Crafting a way forward
While France is active in Africa, and thus of immediate interest to SA because of its focus on the continent, the two do not always have shared analyses on continental conflicts. Libya and Cote d’Ivoire are a case in point. The decision of the French government this week to recognise the Syrian opposition alliance is likely to add one more item of tension to the relationship. South Africa has strongly argued for an internal resolution of the conflict, albeit with support from the outside, not one that is externally imposed. Thus, Syria may potentially impact the overall tone of dialogue between the two countries.
However, both France and South Africa share similar concerns in Africa including, peace and security, promoting economic development, democracy and good governance.
To promote these meaningfully would require partnership and cooperation on the part of both countries.
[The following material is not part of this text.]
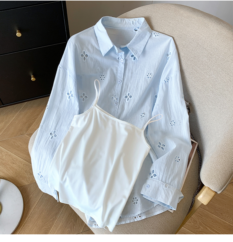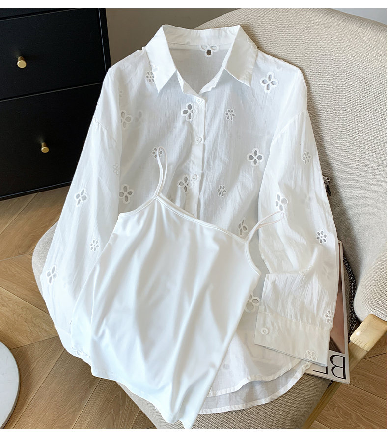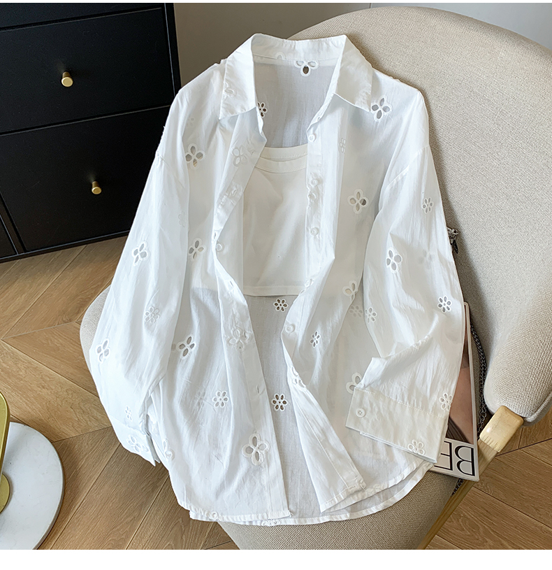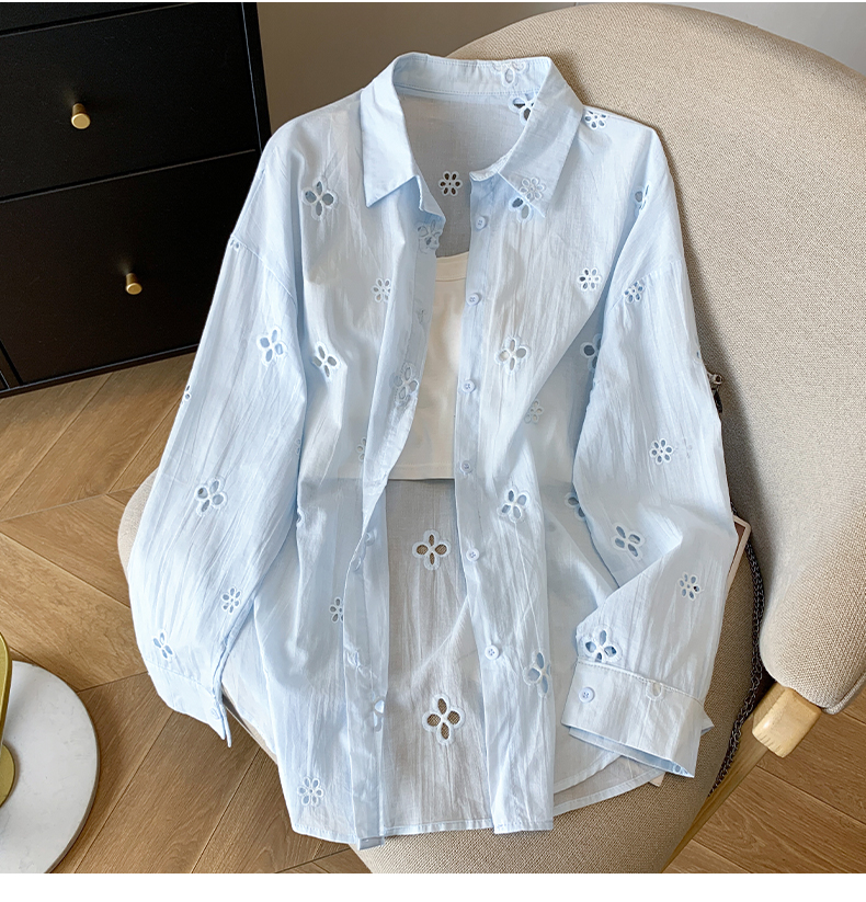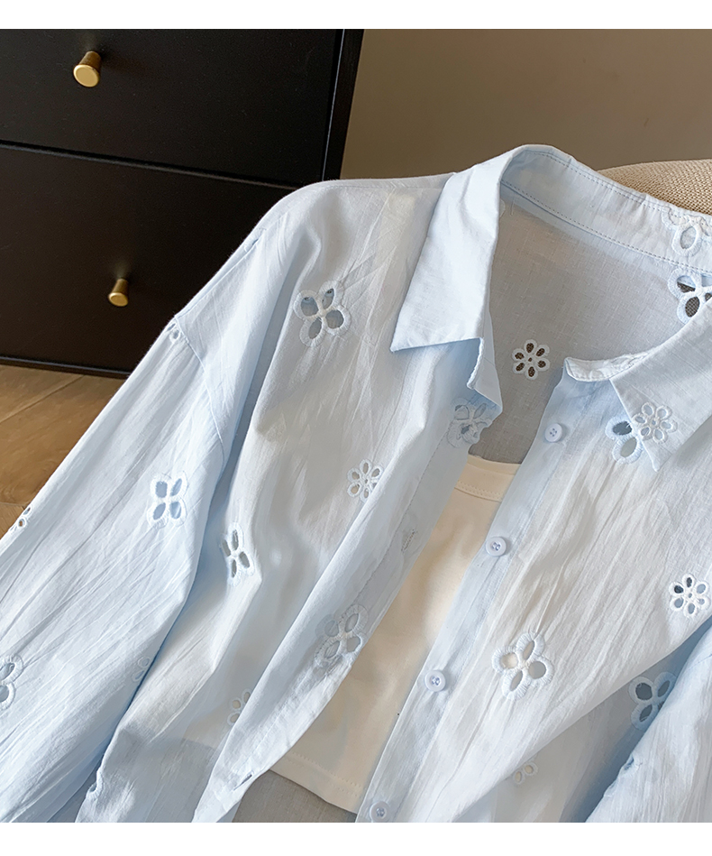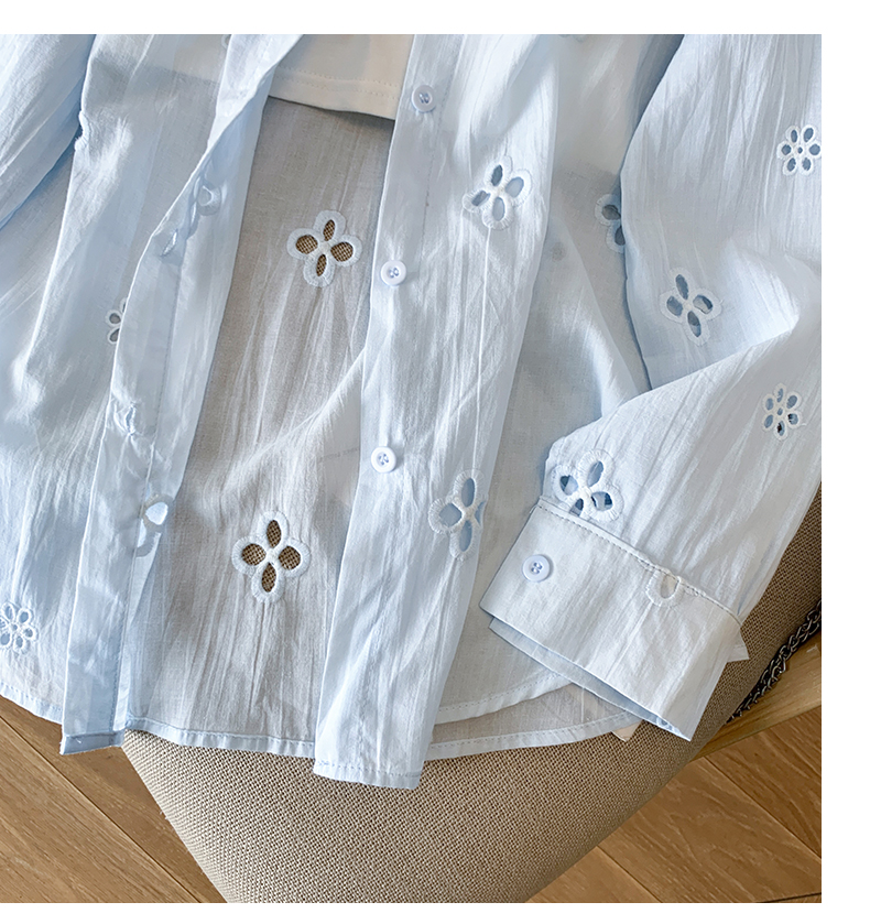 봄 아모이 레이스 자수 얇은 스타일 긴팔 자외선 차단 의류 에어컨 셔츠 맨위 루즈핏 슬림해 보이는 다용도 셔츠 짧은 외투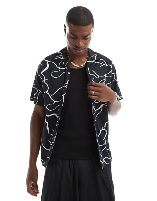 Jack & Jones – Premium – Marinblå, mönstrad skjorta med platt krage

Competition and suspicion would be counterproductive with regard to the creation of a peaceful and prosperous Africa. Peace and security are key elements in South Africa’s African Agenda and the United Nations Security Council, of which South Africa is not a permanent member, remains the crucial arbiter.
With South Africa’s non-permanent membership coming to an end in December 2012, the country will need to consolidate its partnership with France in order to ensure that its voice is heard on Security Council resolutions that relate to African issues. To do so would require of South Africa to accept that it is in the national interest of France to pursue an activist Africa policy.
For her part, France also needs South Africa in order to pursue these interests and legitimise its agenda in Africa. With both countries working closely in delivering Security Council resolution 2071 on the situation in Northern Mali in October 2012, possibilities for partnership exist. These should be nurtured and be extended to other domains, including defence diplomacy and closer security cooperation.
After all, there are clear limits to pursuing security approaches that do not take into account the interests of the two capitals. The development of common approaches to conflict management should be promoted and seen as a priority going forward. Reaching this stage would require trust and confidence building measures in order to advance the relationship.
With both Presidents Jacob Zuma and François Hollande having met on the margins of the G20 Summit in June 2012 in Los Cabos, Mexico, a window of opportunity exist for both countries to deepen cooperation in order to jointly deliver on global public goods in Africa.
Alfredo Tjiurimo HENGARI is Head of the South African Foreign Policy and African Drivers Programme at the South African Institute of International Affairs, based at the University of the Witwatersrand, Johannesburg.